According to sealed diameter D11 1, D11 2, D11 3, D11 4between relation, the first surface 1146 of the first annular seal 1140 also can limit the 3rd radial surface region and the 4th radial surface region (A11 3, A11 4).3rd radial surface region (A11 3) the first sealed diameter and the 3rd sealed diameter (D11 can be defined in by the first surface 1146 of the first annular seal 1140 1, D11 3) between and can be exposed to sealing discharge path 1101 in head pressure (P d).4th radial surface region (A11 4) the second sealed diameter and the 4th sealed diameter (D11 can be defined to 2, D11 4) between and suction pressure (P can be exposed to s).First radial surface region, the 3rd radial surface region and the 4th radial surface region (A11 1, A11 3, A11 4) summation substantially can equal the second radial surface region (A11 2) axle 1228 that deducts valve assembly 1210 contacts the region of second surface 1148.Radial surface region (the A11 of the rear side of valve plate 1226 is in recess 1185 5) suction pressure (P can be exposed to s), and be in the radial surface region (A11 of the front side of valve plate 1226 6) intermediate pressure from first passage 1179 can be exposed to, and in recess 1186, be in the radial surface region (A11 of the rear side of valve plate 1226 7) suction pressure (P can be exposed to s), and be in the radial surface region (A11 of the front side of valve plate 1226 8) intermediate pressure from second channel 1181 can be exposed to.

1 and second surface 1148 on the radial surface region being exposed to intermediate pressure, head pressure and suction pressure between difference and be applied to the power (F that the suction pressure of valve plate 1226 and intermediate pressure and biasing member 1215 provide b) the first annular seal 1140 can be provided during compressor operation relative to end cap 1124, the displacement determining scroll 1170 and the second annular seal 1142, and therefore provide valve member 1214 relative to end cap 1124, the displacement determining scroll 1170 and the second annular seal 1142.More specifically, first annular seal 1140 and valve member 1214 can be shifted between primary importance (shown in Figure 13) and the second place (shown in Figure 14), in described first position, first annular seal 1140 contact is determined scroll 1170 and applies axial force against determining scroll 1170, urge determine scroll 1170 and open valve assembly 1210 towards orbiter 1168, in described second position, the first annular seal 1140 leaves determines scroll 1170 and towards the axially displaced and shut-off valve assembly 1210 of end cap 1124.As mentioned above, valve member 1214 can be shifted between the first location and the second location with the first sealing component 1140.

As follows, F11 1,1represent the power being applied to the first surface 1146 of the first annular seal 1140, F11 1,2represent the power being applied to the second surface 1148 of the first annular seal 1140.

F11 1,1=(A11 1)(P i)+(A11 3)(P d)+(A11 4+A11 5+A11 7)(P s)

F11 1,2=(A11 2+A11 6+A11 8)(P i)+F B

Work as F11 1,1>F11 1,2time, the first annular seal 1140 can be displaced to primary importance to open valve assembly 1210.Work as F11 1,1<F11 1,2time, the first annular seal 1140 can be displaced to the second place with shut-off valve assembly 1210.

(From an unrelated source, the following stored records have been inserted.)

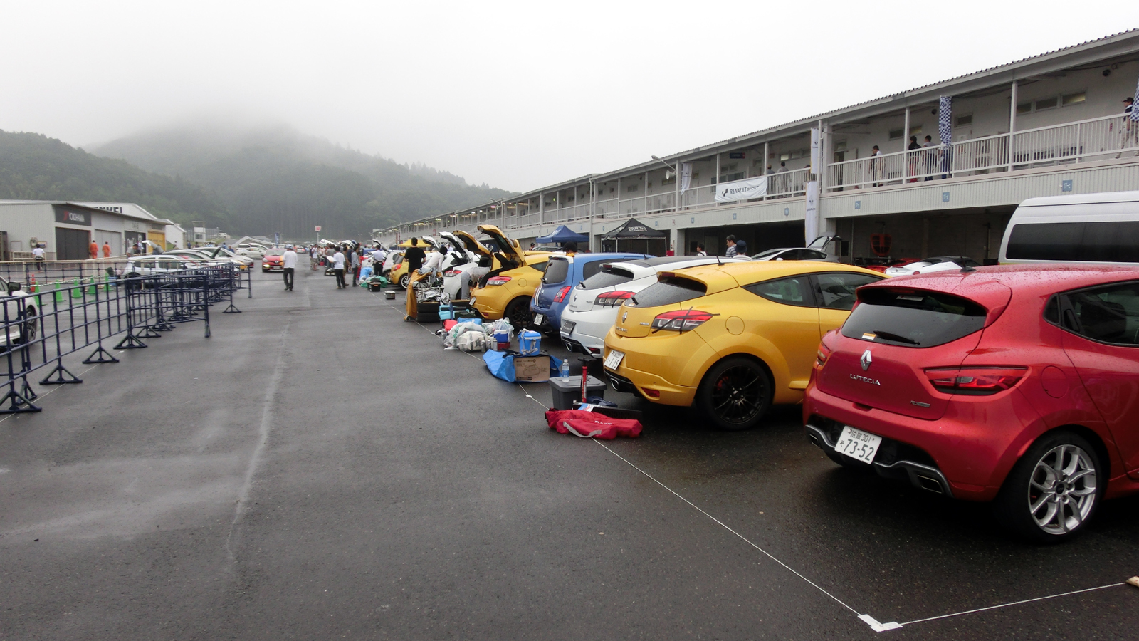 写真は雨が小降りになった6時前のルノーカップ出場車待機場所
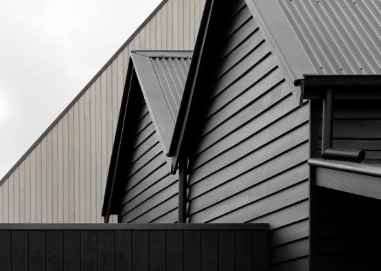 Weatherboards with paint finish were used for the existing cottage, contrasting with the more refined vertical shiplap silvertop ash with a custom stain. The weatherboards were retained for the cottage due to their heritage appropriateness.
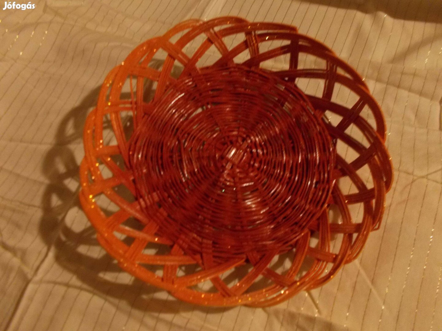 Eladó a képeken látható festett fonott kosár, bordó-narancssárga, arany csillámos szélekkel, átmérője 23 cm. Átvehető Budapesten, kérésre postázom.
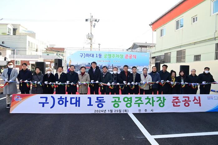 진주시가 하대동 상가지역 및 공동주택의 만성적인 불법 주정차와 주차 불편 해소를 위해 추진한 ‘구)하대1동 공영주차장’ 조성을 완료하고 25일 준공식을 개최했다.
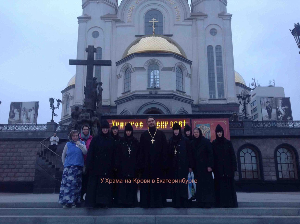 Далее паломники отправились к главным святыням Екатеринбурга – месту погребения останков Святых царственных страстотерпцев в мужском монастыре в урочище Ганина Яма и месту расстрела царской семьи, где теперь находится Храм-на-крови во имя Всех святых, в Земле Российской просиявших. Игумения Иулиания сказала, что еще при первом посещении этих мест почувствовала, что каждому русскому человеку обязательно надо побывать в Екатеринбурге, на Русской Голгофе, чтобы поклониться царственным страстотерпцам. Даже поверхностное знакомство с новейшей историей России, дневниковыми записями последних Романовых поражает христианским отношением царственных особ к трагическим событиям революции. Стремиться подражать своим святым, научиться молиться о врагах – такой настрой хотелось сохранить паломникам после уральской поездки. Чтобы, подобно послушницам Ново-Тихвинской обители, приносившим продукты царской семье в Ипатьевский дом, быть готовыми взойти на крест за любовь к Богу и ближнему.
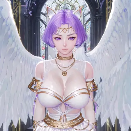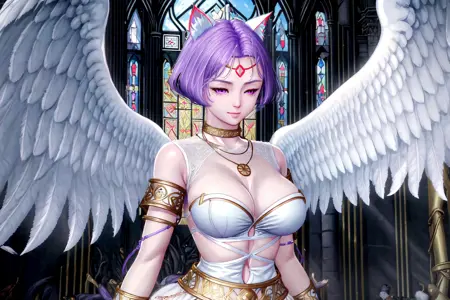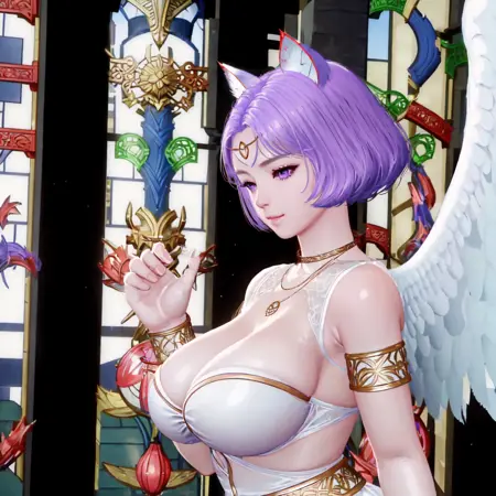 Outfit prompts: necklace, cleavage, jewelry, armlet, bracer, ornament, choker, angel, angel wings, feathered wings, see-through
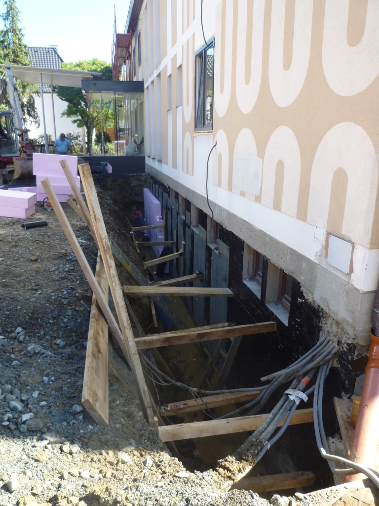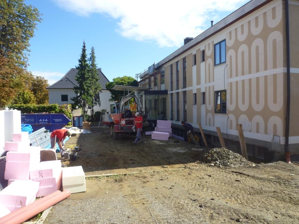 - Baustelleneinrichtung/Abbrucharbeiten um das Gebäude außen/ Aushub für die Perimeterdämmung/Aufbringung Perimeterdämmung
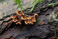 Erdstern Schwefelporling Porling mit Gutationstropfen

More specifically, when the first annular seal 1140 is in primary importance (shown in Figure 13), valve member 1214 moves axially to open position by the first annular seal 1140, and in open position, first passage 1179 and second channel 1181 communicate with suction pressure district.When the first annular seal is in the second place (shown in Figure 14), the valve plate 1226 of valve member 1214 can engage in a sealing manner with the lower surface 1218 of valve chest 1212, seal up first passage 1179 and second channel 1181, make them not be communicated with suction pressure district.So, the combination of black box 1114 and valve assembly 1210 can be compressor 1110 and provides capacity modulation.As mentioned above, start by the pressure difference acted on the first annular seal 1140 and valve assembly 1210 capacity modulation provided by valve assembly 1210.When the first annular seal 1140 is in the second place (shown in Figure 14), compressor 1110 can with the first capacity running; And when the first annular seal 1140 is in primary importance (shown in Figure 13), compressor 1110 can be less than the second capacity running of the first capacity.

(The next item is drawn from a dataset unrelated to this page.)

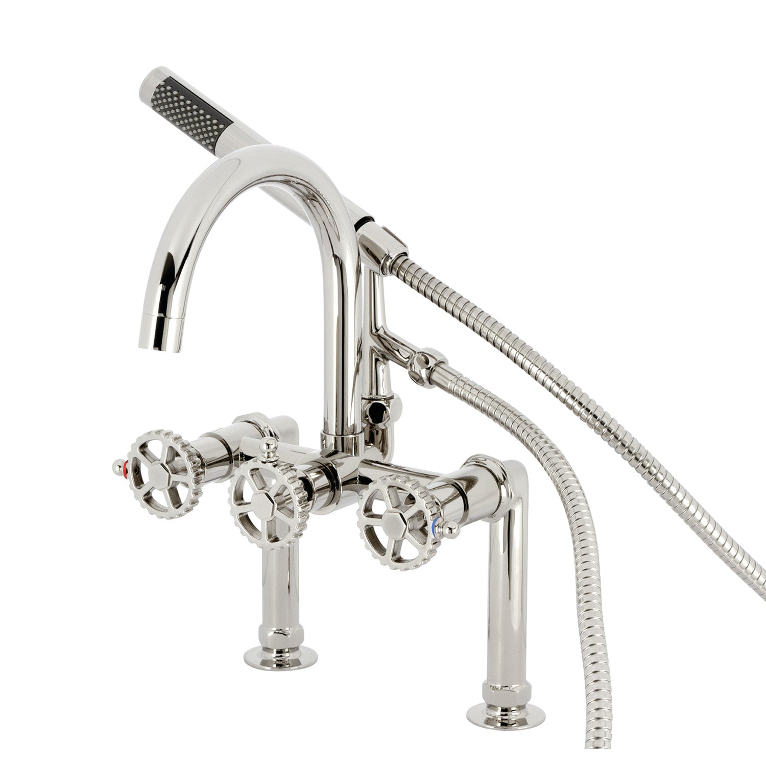 Fuller AE8106CG Three-Handle 2-Hole Deck Mount Clawfoot Tub Faucet with Hand Shower, Polished Nickel
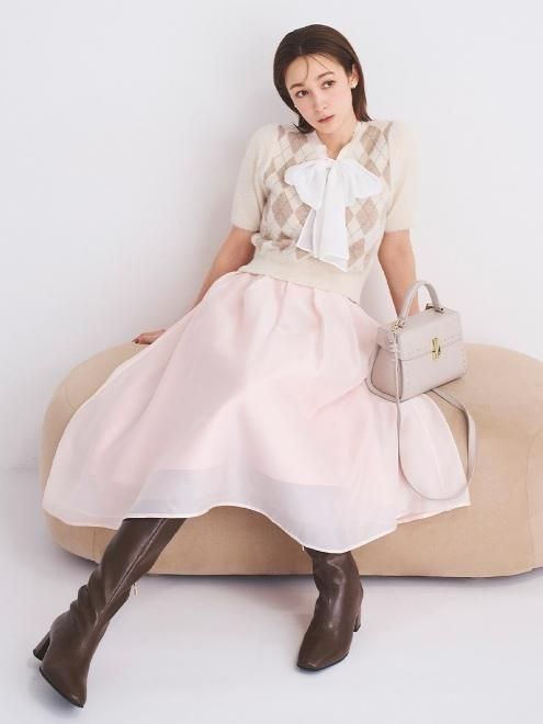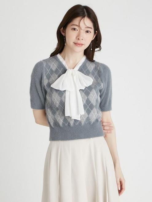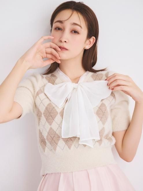 アーガイル柄がトラッドな気分を引き立てる、ボウタイリボンニットプルオーバー。

Although be described as comprising valve assembly 1210 separately, be appreciated that the plan of establishment of improvement can comprise the use being used for self the first annular seal 1140 to open and close first passage 1179 and second channel 1181.

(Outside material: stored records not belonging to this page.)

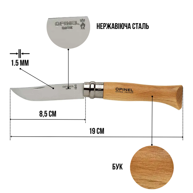 Ніж Opinel VRI 8 є яскравим прикладом поєднання класичного дизайну і нових технологій виробництва. Клинок ножа Opinel VRI 8 виготовлений з нержавіючої сталі марки Sandvic 12С2 і пройшов спеціальну термічну обробку, яка забезпечує твердість матеріалу на рівні 57-58 HRC.
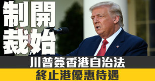 2020-07-15 07:42:30早安新唐人,先帶您關心,最新消息,美國總統川普在今天台北時間早上五點多召開記者會,宣布簽署《香港自治法案》生效,並簽署行政令,正式結束對香港的特別待遇。
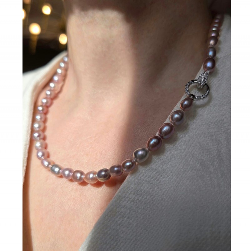 Un colier clasic, suav, usor de integrat in tinuta ta zilnica. Este lucrat cu perle de cultura de apa fulce bob de orez de 6 mm, vuloare naturala-lavanda, luciu mediu si bun si inchizatoare decorativa din argint 925 placat cu rodiu. 42 cm
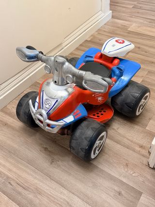 Quad eléctrico de Ryder de la Patrulla Canina, diseñado para niños de 2 a 4 años. Ideal para las primeras aventuras. Unico y genuino ya que ha sido pintado y personalizado en la forma y color del quad que lleva Ryder. Funciona con batería y se entrega con cargador. - Diseño inspirado en el que lleva Ryder. - Colores rojo, azul y blanco. - Ruedas todoterreno. - No pesa y es fácil de transportar en el carro de tu niño cuando se agota bateria, o se cansa de ir en él. Posibilidad de añadir al pack el chaleco del disfraz de Ryder usado una sola vez por 8 euros más. La cara ee tu hijo cusnfo lo vea, “no tendrá precio”
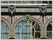 Eisen-Glas-Konstruktion mit keramischen Verzierungen, inspiriert durch
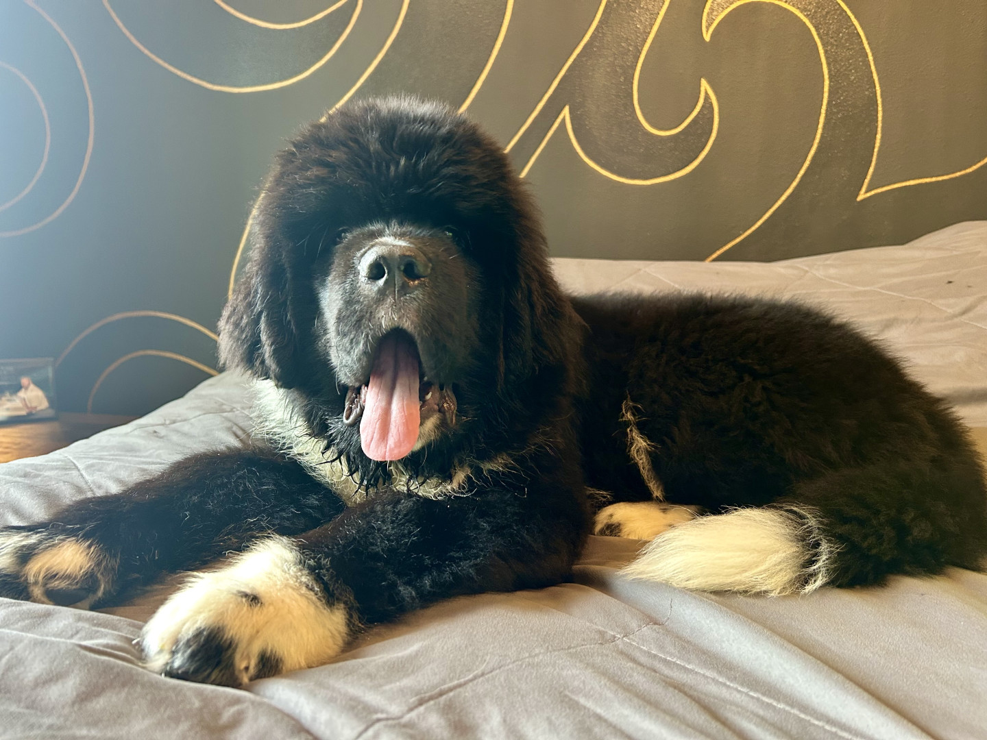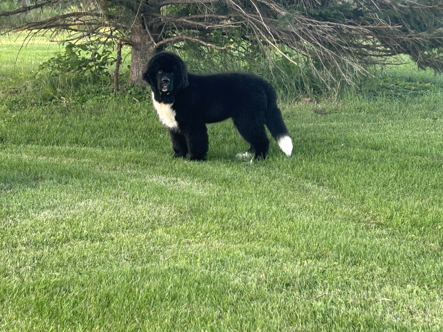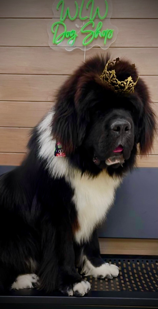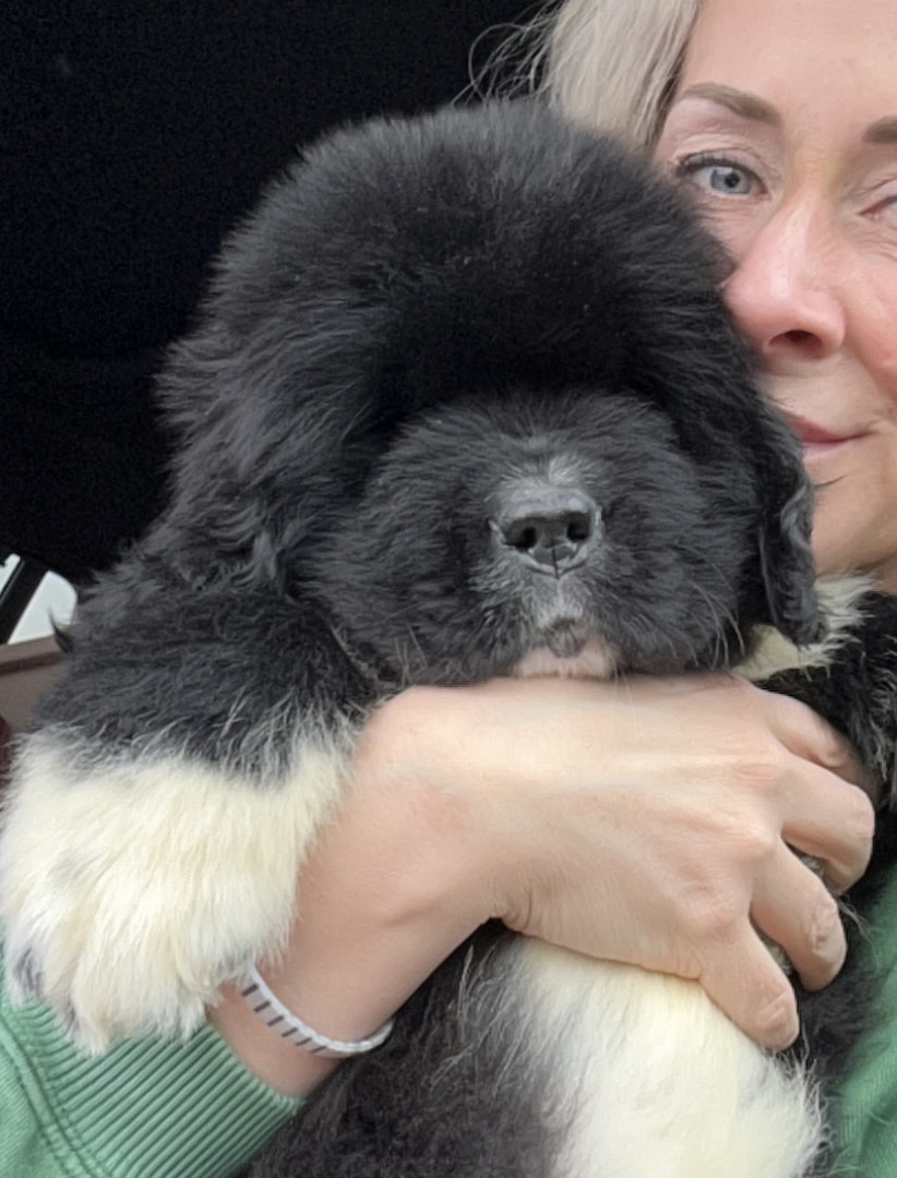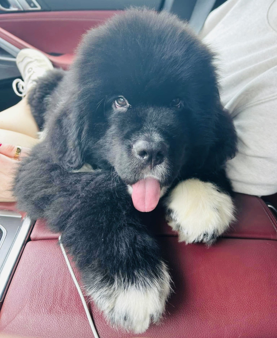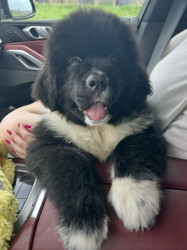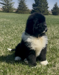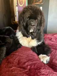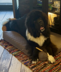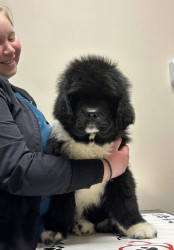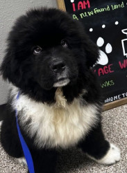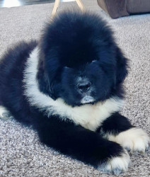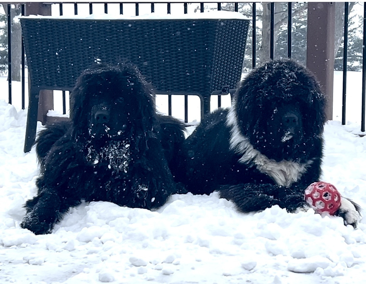 Meet our youngest Newf, Clarence!125 lbs of fluff and growing! With markings of white boots & scarf he’s always ready for his favorite-snow!

Second annular seal 1142 can limit the 9th radial surface region and the tenth radial surface region (A119, A1110) and limit the 11 radial surface region (A1111) on second surface 1145 on first surface 1143.9th radial surface region (A119) can be limited between the radially-outer surface 1178 of the hermetic unit 1180 of the 4th sealed diameter (D114) and the second annular seal 1142.Tenth radial surface region (A1110) can be limited between the radially-outer surface 1178 of hermetic unit 1180 and the inner radial surface 1182 of sealing part 1180.9th radial surface region (A119) can be exposed to suction pressure (Ps), and owing to crossing over the pressure gradient of the tenth radial surface region (A1110), the tenth radial surface region (A1110) can be exposed to as suction pressure (Ps) pressure average with the cardinal principle of head pressure (Pd).11 radial surface region (A1111) can be limited at the 3rd sealed diameter and the 4th sealed diameter (D11 3, D11 4) between, and the intermediate fluid pressure (P from passage 1176 can be exposed to i).9th radial surface region and the tenth radial surface region (A11 9, A11 10) summation can equal the 11 radial surface region (A11 11).

Difference between the radial surface region being exposed to intermediate pressure, head pressure and suction pressure can provide the second annular seal 1142 relative to end cap 1124, the axial displacement determining scroll 1170 and the first annular seal 1140.But based on the pressure difference in compressor 1110, the second annular seal 1142 from end cap 1124 axially outwards displacement, can allow sealing discharge path 1101 and being communicated with between suction pressure district.

As follows, F11 2,1represent the power being applied to the first surface 1143 of the second annular seal 1142, F11 2,2represent the power being applied to the second surface 1145 of the second annular seal 1142.

F11 2,1=(A11 9)(P s)+(A11 10)(P d+P s)/2

F11 2,2=(A11 11)(P i)

Work as F11 2,1>F11 2,2time, the second annular seal 1142 can from end cap 1124 axially outwards displacement.Work as F11 2,1<F11 2,2time, the second annular seal 1142 can engage in a sealing manner with end cap 1124.

In addition with reference to Figure 15 and 16, show compressor 1310, compressor 1310 has ejecting system 1510 joining with it.Compressor 1310 can be similar to compressor 1110, wherein, from the end plate 1184 determining scroll 1170, removes four-way 1189, and additional ejecting system 1510.Therefore, resonable relieve pointed beyond, when the description of compressor 1110 is common to compressor 1310, will no longer describe compressor 1310 in detail.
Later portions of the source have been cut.